- Artist: James Napier
- Year: 2007
- Type: Resin
- Location: Cardiff Castle

= The Abandoned Soldier =

Sculpture by James Napier

The Abandoned Soldier is a sculpture created in 2007 by sculptor James Napier that was modelled after British ex-soldier Lance Corporal Daniel Twiddy.

==History==
The sculpture The Abandoned Soldier (TAS) was made for the BBC documentary Power to the People to be erected in Trafalgar Square, and made an appearance on Newsnight as well as the front page of the Independent newspaper. TAS was initially housed at Combat Stress, a charitable organisation for ex-servicemen and women, before being moved with the help of the Royal Electrical and Mechanical Engineers to the National Memorial Arboretum in Staffordshire to launch The Abandoned Soldier Project. The sculpture has subsequently been moved to Cardiff Castle, then to Exeter Castle for the War Art Exhibition in June 2011, and was filmed as part of a Channel 5 documentary. From there it was moved to the Rhondda Heritage Park at Trehafod.
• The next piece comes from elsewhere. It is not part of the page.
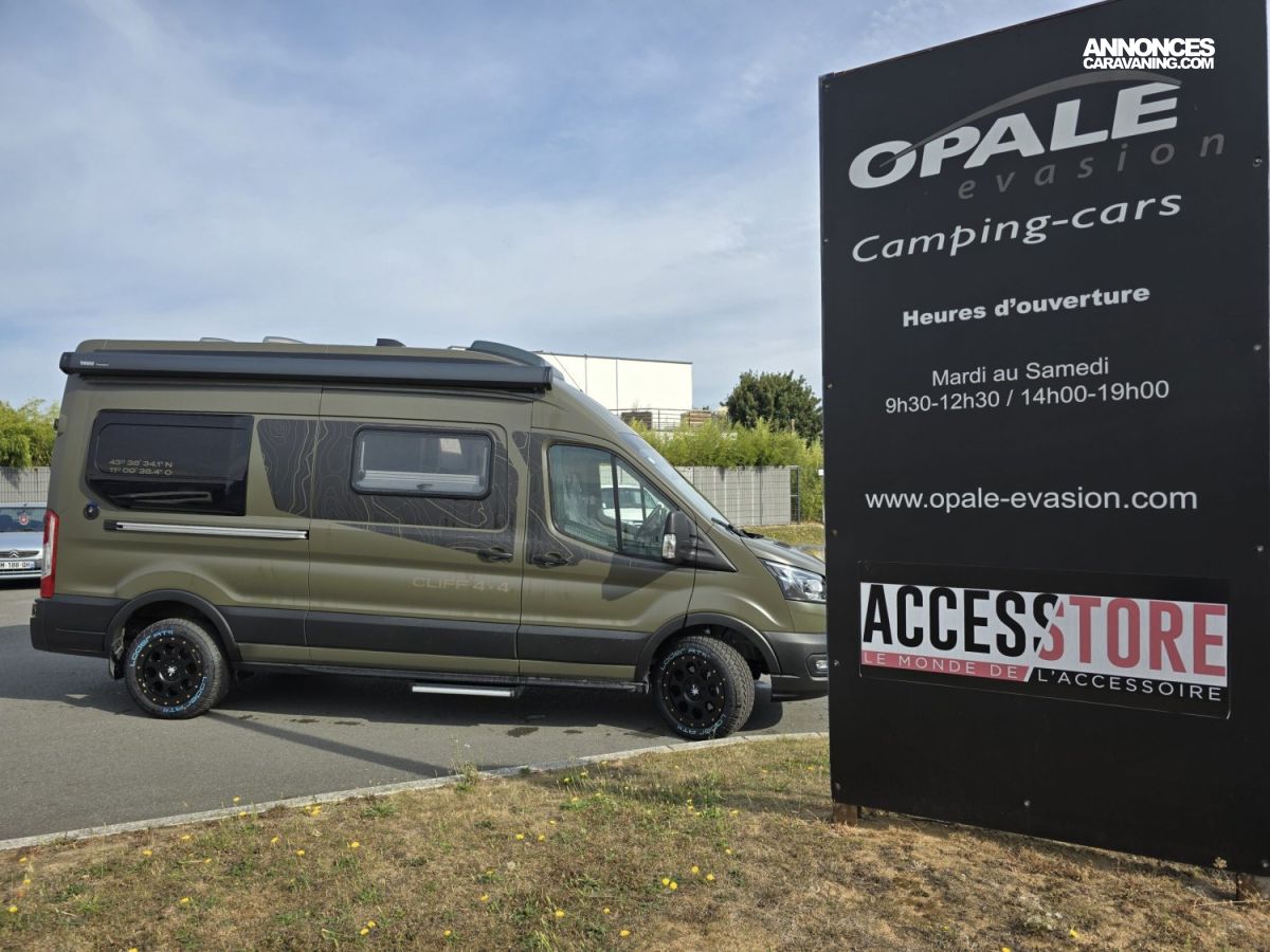 Équipement CLIFF 4×4 Green TrekFord Transit 3.500 kg | 2.0 l | 122 kW (165 ch) | EURO 6 | boîte de vitesses manuelle à 6 rapports 4×4 transmission intégrale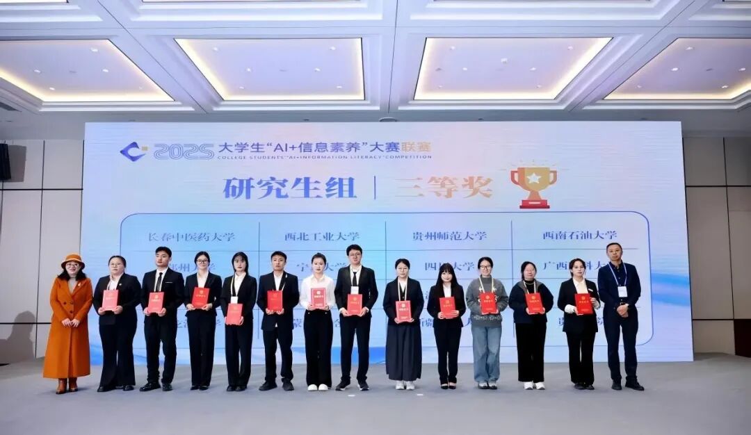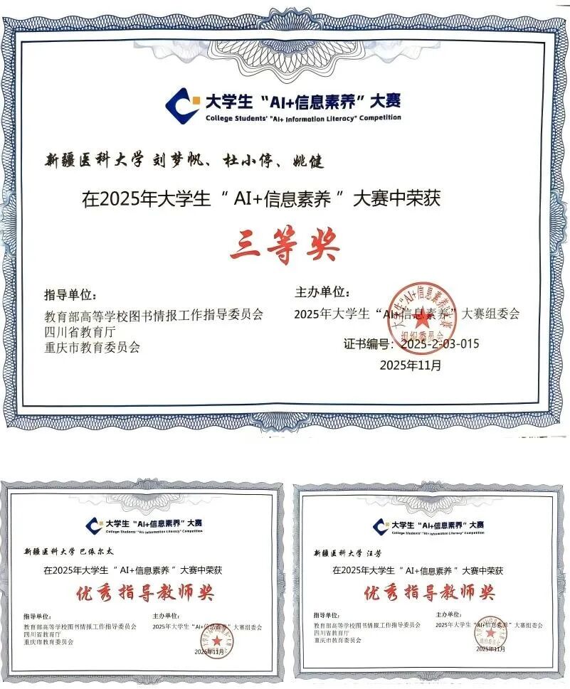 11月27日,由教育部高等学校图书情报工作指导委员会指导,四川大学主办的2025年大学生“AI+信息素养”大赛全国联赛在四川大学圆满落幕。新疆医科大学刘梦帆、杜小停、姚健三位研究生组成的代表队,在汪芳、巴依尔太老师的悉心指导下,荣获全国三等奖!

In April 2012, the sculpture was moved back to Cardiff Castle as a permanent 'base'. In the Summer of 2013, the head piece was removed from the base and taken on a tour of Wales. The high points included; The summit of Mount Snowdon and Portmeirion. In May 2014 the sculpture was part of an installation by Themis Jones, installed at the Hay Festival of Literature and Art. In July 2014 he returned to his main 'base' at Cardiff Castle and will stand as a lasting reminder of the trauma of War, until 2018. Finally on the Remembrance weekend in November 2019, the sculpture was fully donated to Firing Line museum and now comes under their care.

==Interpretation==
The statue was created in remembrance of soldiers who suffer 'PTSD' from armed conflicts and military service. The sculpture was modelled after Lance Corporal Daniel Twiddy, who had been wounded in 2003 by friendly fire and shrapnel while in Basra. Twiddy had received several wounds from shrapnel, which included wounds to the face from a 'Blue on Blue' incident. Since the sculpture toured Wales, there have been many interpretations produced within an Art Collection. This collection was broken up but some items remain in the care of Cardiff Castle. This also includes the poetry created by poet Mark Christmas 'The Abandoned Soldier Reflections of War'.

==Conservation==
In 2010, concerns were raised regarding the stability of the sculpture and the potential disintegration of the resin material. There were also discussions about the sculpture's lack of a permanent display location. In November 2019, the sculpture was fully donated to Firing Line museum and is now under their care. There have been attempts at petitioning for a more permanent, bronze version of the statue to remember PTSD as the curse of the Servicemen and Women of our Country and many others around the world [1] .

The sculpture now has a piece of music, commissioned by the TAS Project, written and sung by Bethan Myfanwy Hughes, a civilian trauma nurse and also a member of the Territorial Army.